Running a bulk ingest test

Continous ingest supports bulk ingest in addition to live ingest. A map reduce job that generates rfiles using the tables splits can be run. This can be run in a loop like the following to continually bulk import data.

# create the ci table if necessary
./bin/cingest createtable

# Optionally, consider lowering the split threshold to make splits happen more 
# frequently while the test runs.  Choose a threshold base on the amount of data
# being imported and the desired number of splits.
# 
#   accumulo shell -u root -p secret -e 'config -t ci -s table.split.threshold=32M'

for i in $(seq 1 10); do
   # run map reduce job to generate data for bulk import
   ./bin/cingest bulk /tmp/bt/$i
   # ask accumulo to import generated data
   echo -e "table ci\nimportdirectory /tmp/bt/$i/files true" | accumulo shell -u root -p secret
done
./bin/cingest verify

Another way to use this in test is to generate a lot of data and then bulk import it all at once as follows.

for i in $(seq 1 10); do
  ./bin/cingest bulk /tmp/bt/$i
done

# Optionally, copy data before importing.  This can be useful in debugging problems.
hadoop distcp hdfs://$NAMENODE/tmp/bt hdfs://$NAMENODE/tmp/bt-copy

for i in $(seq 1 10); do
  (
    echo table ci
    echo "importdirectory /tmp/bt/$i/files true"
  ) | accumulo shell -u root -p secret
  sleep 5
done

./bin/cingest verify

Bulk ingest could be run concurrently with live ingest into the same table. It could also be run while the agitator is running.

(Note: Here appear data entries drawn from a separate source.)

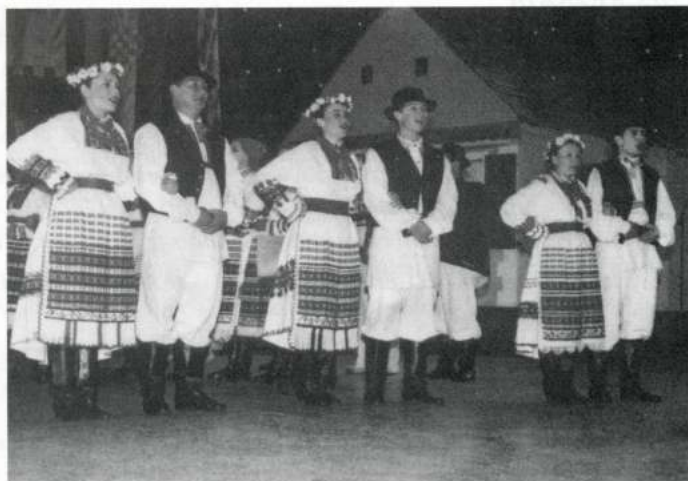
KUD «KUPLJENOVO» (Zapresic - Croàcia)
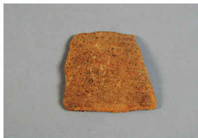
NSJ 7 S014 2920
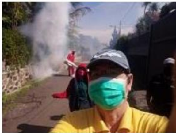
Gambar 4. Penyemprotan di RW 14
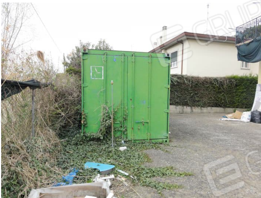
CONTAINER NON AUTORIZZATO
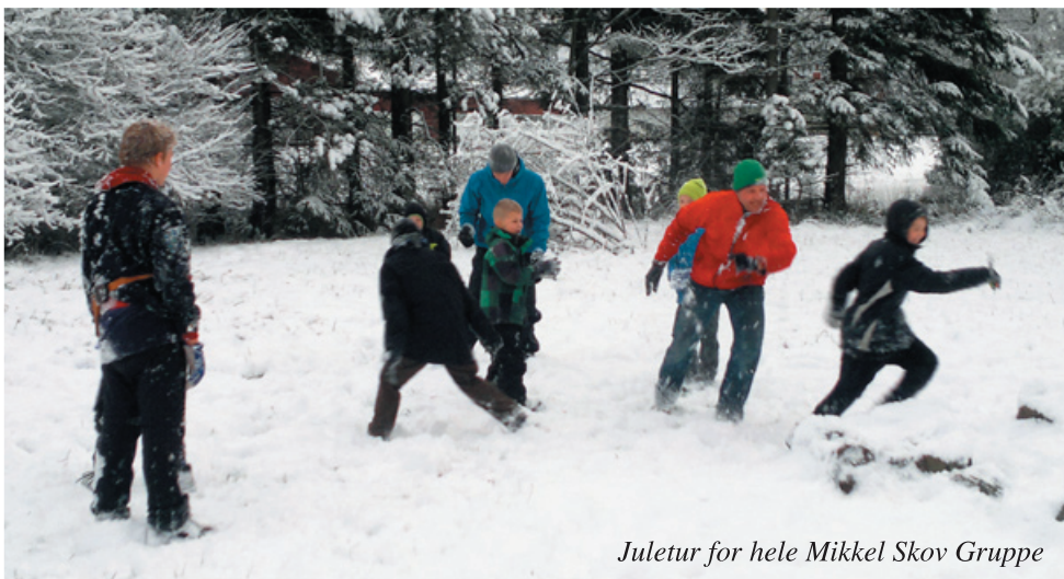
Juletur for hele Mikkel Skov Gruppe
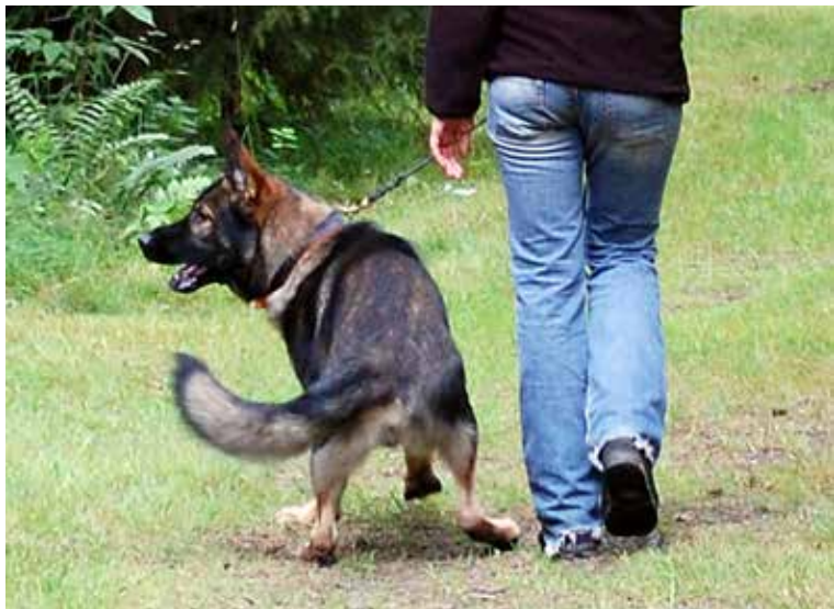
Hunden reagerar under momentet ljudkänslighet

Efter genomförd beskrivning får hundägaren en kopia av protokollet som bevis för att hunden har känd mentalstatus. Originalet skickas via Brukshundklubben till Svenska Kennelklubben (SKK) för registrering och förs in på SKK hunddata.
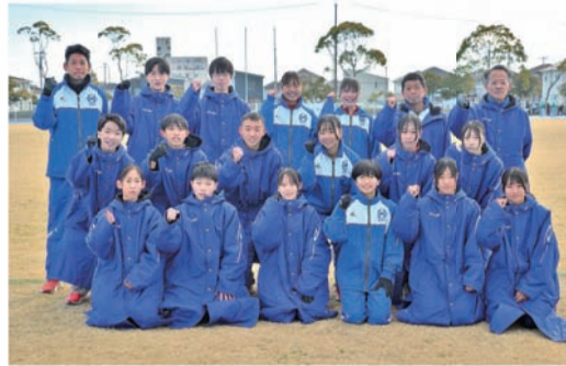
最多5度目の優勝を目指す鈴鹿市チーム
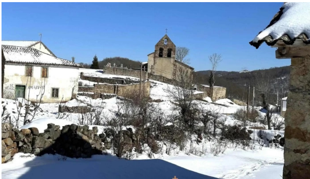
Iglesia de nuestra senora de la asuncion iglesia
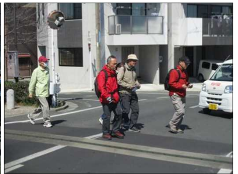
4857 楽しく・明るく進む
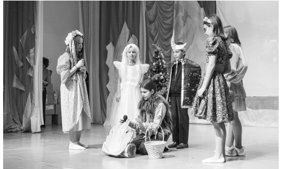
Рождественский концерт в селе Дмитрова Гора
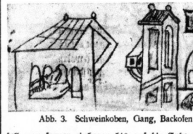
Abb. 3. Schweineställe, Gang, Backofen

„Die rüchardischen Spiele der 19. und 20. werden wie folgt angelegt: 19. 4. 86 Nr. 27. 1900: Wader 3 — Borussia 3 (Eintracht)“
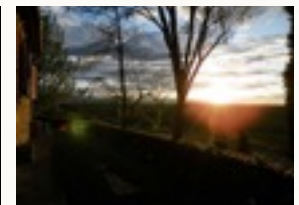
Abendstimmung im La Mirandola
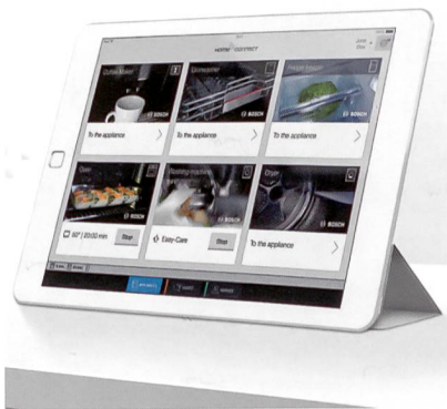
Le selfie de votre frigo.

informé quand vous devrez intervenir vous-même durant la cuisson. Avec, à la clé, un rôti digitalisé vraiment plus tendre et gouteux?
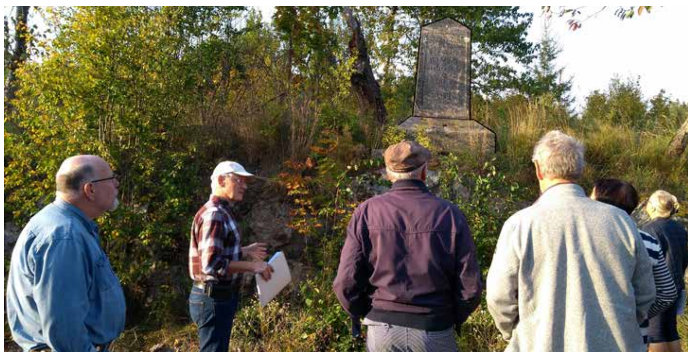
Monumentet från 1849 där man "firar" att stora vägen ut från Växjö mot Kalmar fått en bättre sträckning.
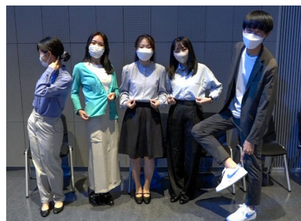
(サムシングブルーを身に着けた内定者)
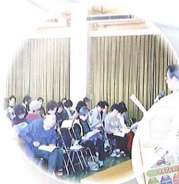
新資源収集開始に伴う 市民への広報・啓発
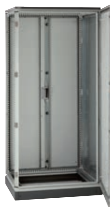
Voorbeeld van een vloerkast met scheidingschot ref. 048043
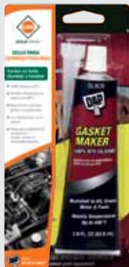
SELLO PARA EMPAQUETADURA
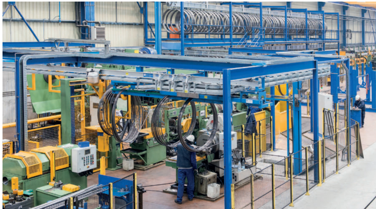
Výrobná hala v španielskej spoločnosti Transmesa

- Keďže mám dve relatívne malé deti, väčšinu voľného času trávim s rodinou. Rád si rekreačne zašportujem a k športu sa snažím viesť aj moje deti. No keď si potrebujem naozaj oddýchnuť, vyberiem sa na poľovačku alebo rybačku.
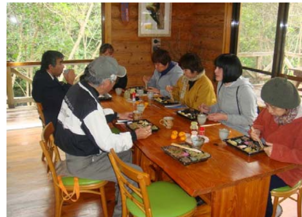
地元食材のランチをゆっくり楽しむ
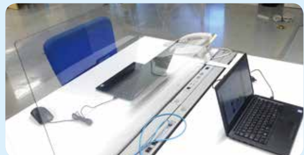
職場内に設置されたアクリル板
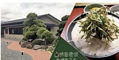
④茶の庭れすとらん とろろ屋ととろ (島田市)【昼食】

お茶の博物館です。お茶の産業、文化、歴史、民族、機能性まで、実物資料だけでなく映像や実演によってわかりやすく紹介します。
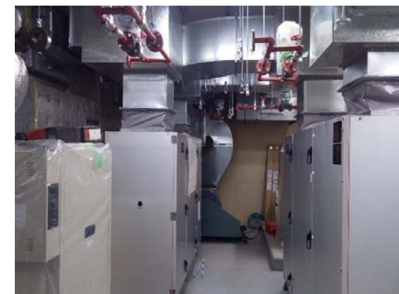
空気調和設備改修後
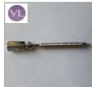
FRAGMENTOS 2PEQUEÑOS PIE Sistema Twist-off tonillos 1.5 y 2.0 descabezable
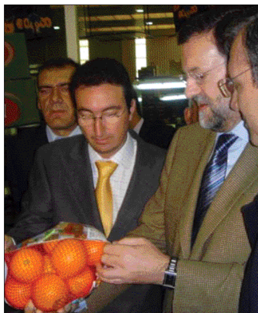
Naranjas de Lepe para el líder del PP

After bulk imports complete, could run the following commands in the Accumulo shell to see if there are any BLIP (bulk load in progress) or load markers. There should not be any.

scan -t accumulo.metadata -b ~blip -e ~blip~
scan -t accumulo.metadata -c loaded

Additionally check that no rfiles exists in the source dir.

hadoop fs -ls -R /tmp/bt | grep rf

The referenced counts output by cingest verify should equal :

test.ci.bulk.map.task * (test.ci.bulk.map.nodes -1) * num_bulk_generate_jobs

The unreferenced counts output by cingest verify should equal :

test.ci.bulk.map.task * num_bulk_generate_jobs

Its possible the counts could be slightly smaller because of collisions. However collisions are unlikely with the default settings given there are 63 bits of randomness in the row and 30 bits in the column. This gives a total of 93 bits of randomness per key.